Yapılan ultrasonografi ile tiroiddeki nodül görülür. Fakat bu kitlenin kanser olup olmadığı anlaşılamaz. Tanıyı kesin koymak için biyopsi almak gerekir. Ayrıca tiroid kanseri tanısında en önemli tetkiklerden birisi olan sintigrafi uygulanır. Kitle ya da nodülün görüntüsü hakkında bilgi verir. Bunun dışında ince iğne aspirasyon biyopsisi dediğimiz yöntem uygulanır. Kanserin tipinin kötü olması, tümörün yayılım göstermesi, çapının büyük olması (>1cm), tedavinin geç başlaması hastalığın seyrinin kötü olmasına yol açar. Tümör tek bir odak halinde ise, yayılmamışsa, çapı küçükse hastalığın seyri daha iyidir.
TİROİD KANSERİ TEDAVİSİ
Ameliyat: Bütün tiroid kanserlerinde, tiroid bezi ameliyatla çıkarılır. Trioid bezinin tamamı çıkarılır ve gerekirse etrafındaki lenf bezleri de alınır. Tiroid bezinin tamamının çıkarılması, ameliyat sonrası uygulanan tedavinin etkili olması için şarttır. Yoksa, uygulanacak tedavi bir işe yaramaz.

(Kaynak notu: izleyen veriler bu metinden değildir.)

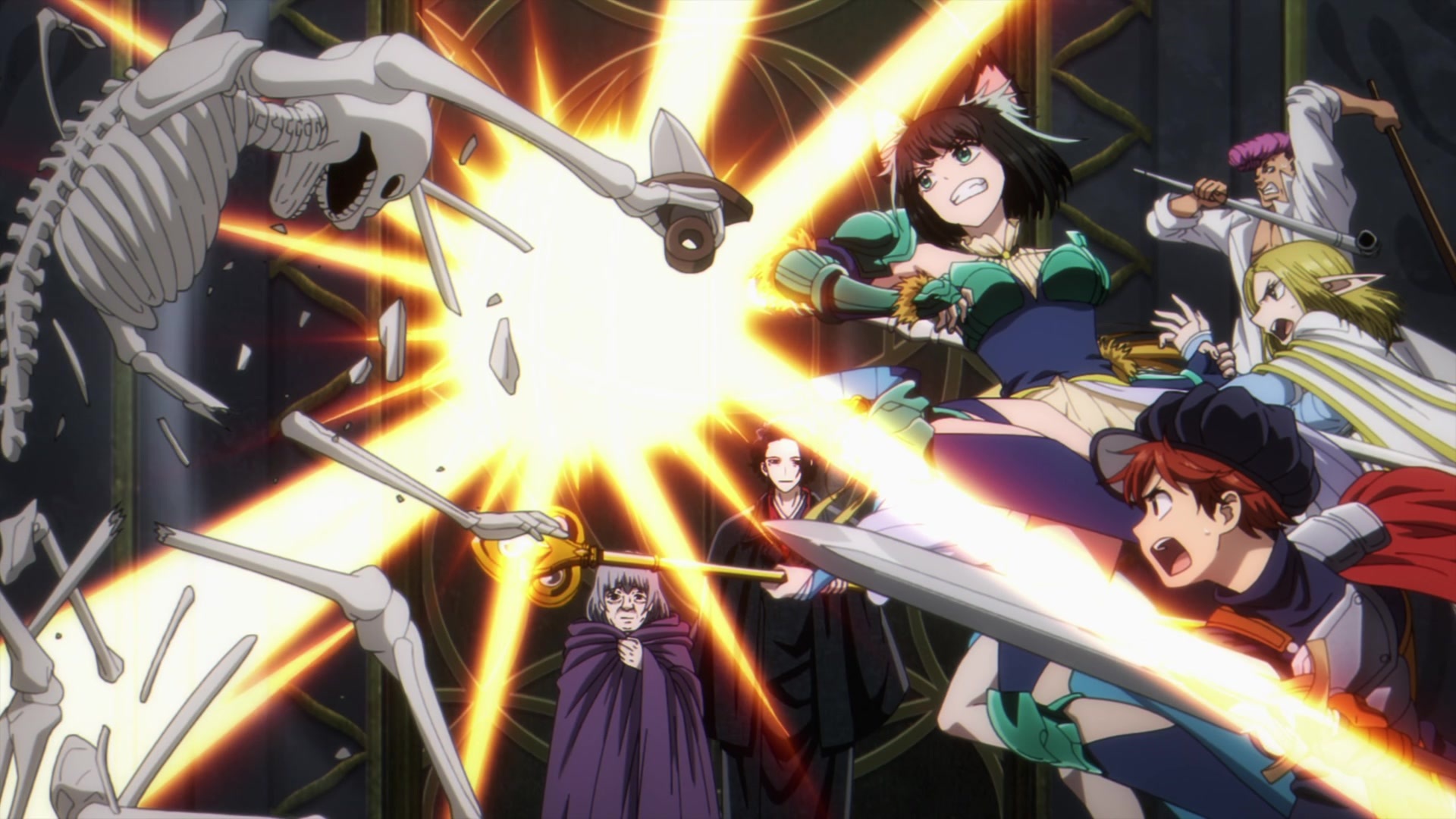 Рисовка стандартная, но не ленивая. Когда нужно показать красоту — авторы её показывают. В остальном они стараются нивелировать малые бюджеты и сделать красивыми не только задники, но экшен-сцены и крупные портреты героев. И у них получается. Рисовку и анимацию здесь отлично отражает фраза — дёшево, но сердито. То есть понятное дело, что особо удивлять тут нечему, но всё выглядит хорошо и не расстраивает. Отдавая должное тайтлу скажу, что в нём будут и красиво сделанные драматичные сцены и прекрасно поставленные экшн-зарисовки. Несмотря на одинаковые доспехи героев и врагов — в сражении всегда ясно кто с кем борется.

Ameliyattan sonra radyokaktif iyot tedavisi gerekebilir. Böylece vücudun başka yerlerinde kalmış olan kanser hücrelerinin öldürülmesi hedeflenir. Bu radyokatif iyotun dozu, kanserin yayılma derecesine göre değişir. Bazı vakalarda bu yöntemin tekrarlanması gerekebilir. Medüller kanserde de ameliyat yapılıp, tiroid bezi ve lenf bezleri çıkarıldıktan 2-3 ay sonra kalsitonin miktarı ölçülür. Bu sürede ölçülen kalsitonin miktarı 10 pg/ml'den az ise tedavi başarılıdır ve tümör yok edilmiş demektir. Yine bu kanser tipinde de radyoaktif iyot tedavisi uygulanır. Anaplastik kanserde ise önce cerrahi ve radyoterapi, daha sonra kemoterapi uygulanır.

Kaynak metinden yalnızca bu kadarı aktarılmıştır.